Exercise prompt: Reproduce the listing below exactly, except for its pictures.

Given records:
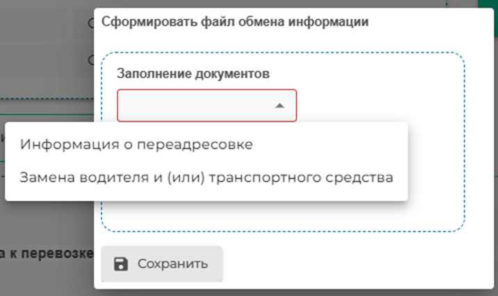 После чего выбрать причину смену данных, в нашем случаи выбираем «Замена водителя и (или) транспортного средства» и жмем клавишу «Сохранить».
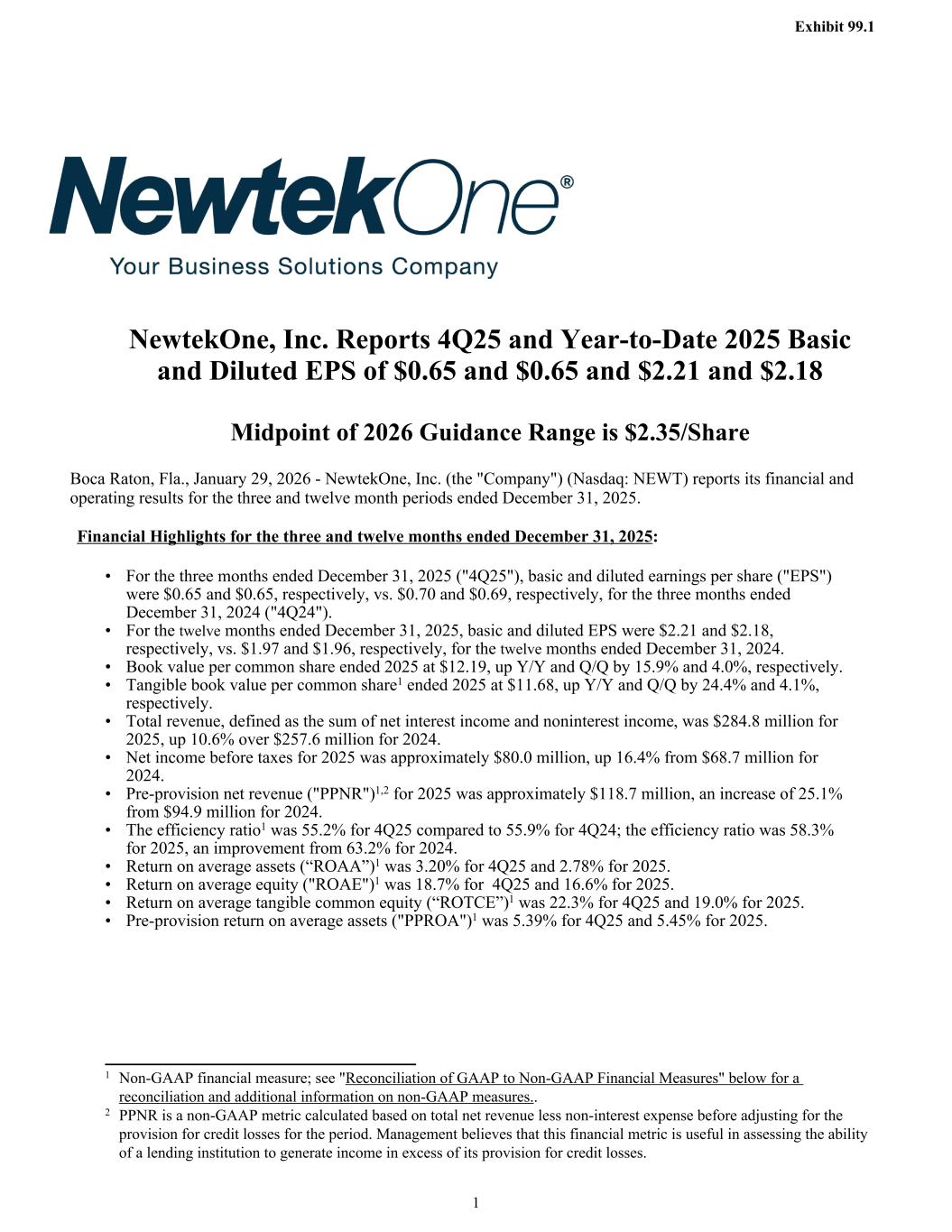 NewtekOne, Inc. Reports 4Q25 and Year-to-Date 2025 Basic and Diluted EPS of $0.65 and $0.65 and $2.21 and $2.18 Midpoint of 2026 Guidance Range is $2.35/Share Boca Raton, Fla., January 29, 2026 - NewtekOne, Inc. (the "Company") (Nasdaq: NEWT) reports its financial and operating results for the three and twelve month periods ended December 31, 2025. Financial Highlights for the three and twelve months ended December 31, 2025: • For the three months ended December 31, 2025 ("4Q25"), basic and diluted earnings per share ("EPS") were $0.65 and $0.65, respectively, vs. $0.70 and $0.69, respectively, for the three months ended December 31, 2024 ("4Q24"). • For the twelve months ended December 31, 2025, basic and diluted EPS were $2.21 and $2.18, respectively, vs. $1.97 and $1.96, respectively, for the twelve months ended December 31, 2024. • Book value per common share ended 2025 at $12.19, up Y/Y and Q/Q by 15.9% and 4.0%, respectively. • Tangible book value per common share1 ended 2025 at $11.68, up Y/Y and Q/Q by 24.4% and 4.1%, respectively. • Total revenue, defined as the sum of net interest income and noninterest income, was $284.8 million for 2025, up 10.6% over $257.6 million for 2024. • Net income before taxes for 2025 was approximately $80.0 million, up 16.4% from $68.7 million for 2024. • Pre-provision net revenue ("PPNR")1,2 for 2025 was approximately $118.7 million, an increase of 25.1% from $94.9 million for 2024. • The efficiency ratio1 was 55.2% for 4Q25 compared to 55.9% for 4Q24; the efficiency ratio was 58.3% for 2025, an improvement from 63.2% for 2024. • Return on average assets (“ROAA”)1 was 3.20% for 4Q25 and 2.78% for 2025. • Return on average equity ("ROAE")1 was 18.7% for 4Q25 and 16.6% for 2025. • Return on average tangible common equity (“ROTCE”)1 was 22.3% for 4Q25 and 19.0% for 2025. • Pre-provision return on average assets ("PPROA")1 was 5.39% for 4Q25 and 5.45% for 2025. Exhibit 99.1 1 1 Non-GAAP financial measure; see "Reconciliation of GAAP to Non-GAAP Financial Measures" below for a reconciliation and additional information on non-GAAP measures.. 2 PPNR is a non-GAAP metric calculated based on total net revenue less non-interest expense before adjusting for the provision for credit losses for the period. Management believes that this financial metric is useful in assessing the ability of a lending institution to generate income in excess of its provision for credit losses.
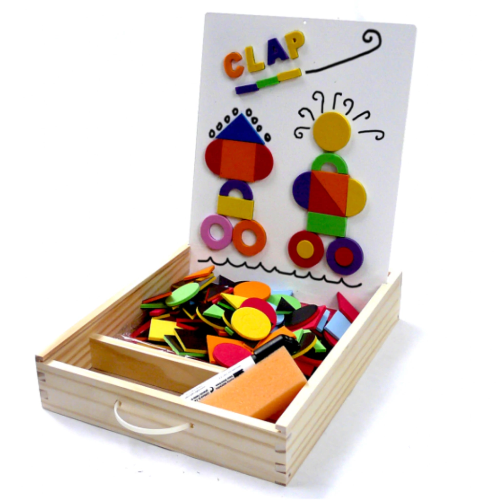 Caja con formitas imantadas de colores + letras y números, para diseñar y dibujar formas sobre la tapa metálica.
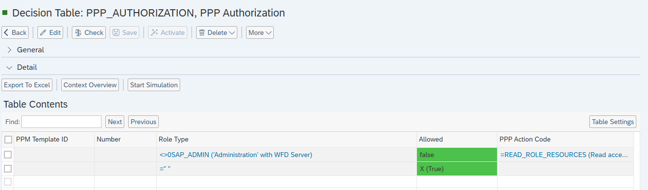 Open your BRF+ Application and navigate to the decision table “PPP Authorization” (Technical Name: PPP_AUTHORIZATION).
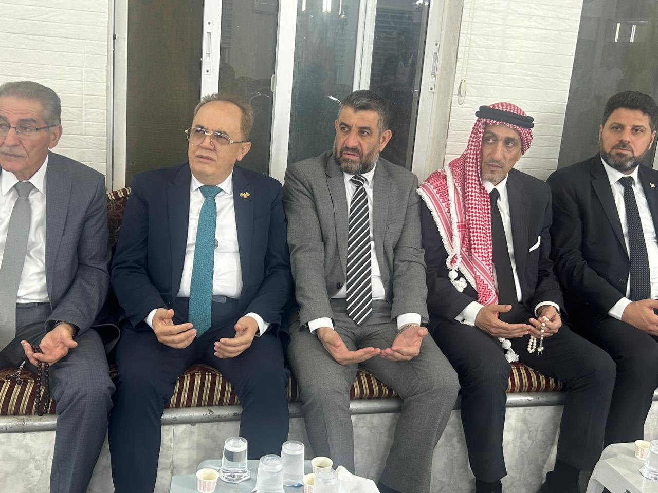 ونقل الحلبي خلال زيارته ديوان عشيرة القضاة في بلدة عين جنا بمحافظة عجلون تعازي ومواساة الرئيس السوري والحكومة السورية لعشيرة القضاة وللمملكة الأردنية الهاشمية بوفاة الفقيد .
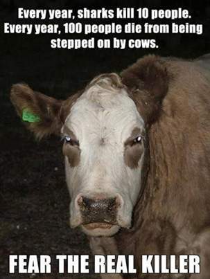 Every year, sharks kill 10 people. Every year, 100 people die from being stepped on by cows. Fear the real killer.
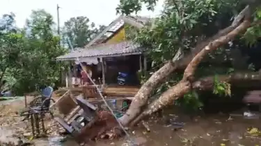 Bahkan dari dampak hujan lebat dan angin kencang tersebut membuat beberapa atap rumah warga dan pohon di sana tumbang.

Solution for this task:
 После чего выбрать причину смену данных, в нашем случаи выбираем «Замена водителя и (или) транспортного средства» и жмем клавишу «Сохранить».
 NewtekOne, Inc. Reports 4Q25 and Year-to-Date 2025 Basic and Diluted EPS of $0.65 and $0.65 and $2.21 and $2.18 Midpoint of 2026 Guidance Range is $2.35/Share Boca Raton, Fla., January 29, 2026 - NewtekOne, Inc. (the "Company") (Nasdaq: NEWT) reports its financial and operating results for the three and twelve month periods ended December 31, 2025. Financial Highlights for the three and twelve months ended December 31, 2025: • For the three months ended December 31, 2025 ("4Q25"), basic and diluted earnings per share ("EPS") were $0.65 and $0.65, respectively, vs. $0.70 and $0.69, respectively, for the three months ended December 31, 2024 ("4Q24"). • For the twelve months ended December 31, 2025, basic and diluted EPS were $2.21 and $2.18, respectively, vs. $1.97 and $1.96, respectively, for the twelve months ended December 31, 2024. • Book value per common share ended 2025 at $12.19, up Y/Y and Q/Q by 15.9% and 4.0%, respectively. • Tangible book value per common share1 ended 2025 at $11.68, up Y/Y and Q/Q by 24.4% and 4.1%, respectively. • Total revenue, defined as the sum of net interest income and noninterest income, was $284.8 million for 2025, up 10.6% over $257.6 million for 2024. • Net income before taxes for 2025 was approximately $80.0 million, up 16.4% from $68.7 million for 2024. • Pre-provision net revenue ("PPNR")1,2 for 2025 was approximately $118.7 million, an increase of 25.1% from $94.9 million for 2024. • The efficiency ratio1 was 55.2% for 4Q25 compared to 55.9% for 4Q24; the efficiency ratio was 58.3% for 2025, an improvement from 63.2% for 2024. • Return on average assets (“ROAA”)1 was 3.20% for 4Q25 and 2.78% for 2025. • Return on average equity ("ROAE")1 was 18.7% for 4Q25 and 16.6% for 2025. • Return on average tangible common equity (“ROTCE”)1 was 22.3% for 4Q25 and 19.0% for 2025. • Pre-provision return on average assets ("PPROA")1 was 5.39% for 4Q25 and 5.45% for 2025. Exhibit 99.1 1 1 Non-GAAP financial measure; see "Reconciliation of GAAP to Non-GAAP Financial Measures" below for a reconciliation and additional information on non-GAAP measures.. 2 PPNR is a non-GAAP metric calculated based on total net revenue less non-interest expense before adjusting for the provision for credit losses for the period. Management believes that this financial metric is useful in assessing the ability of a lending institution to generate income in excess of its provision for credit losses.
 Caja con formitas imantadas de colores + letras y números, para diseñar y dibujar formas sobre la tapa metálica.
 Open your BRF+ Application and navigate to the decision table “PPP Authorization” (Technical Name: PPP_AUTHORIZATION).
 ونقل الحلبي خلال زيارته ديوان عشيرة القضاة في بلدة عين جنا بمحافظة عجلون تعازي ومواساة الرئيس السوري والحكومة السورية لعشيرة القضاة وللمملكة الأردنية الهاشمية بوفاة الفقيد .
 Every year, sharks kill 10 people. Every year, 100 people die from being stepped on by cows. Fear the real killer.
 Bahkan dari dampak hujan lebat dan angin kencang tersebut membuat beberapa atap rumah warga dan pohon di sana tumbang.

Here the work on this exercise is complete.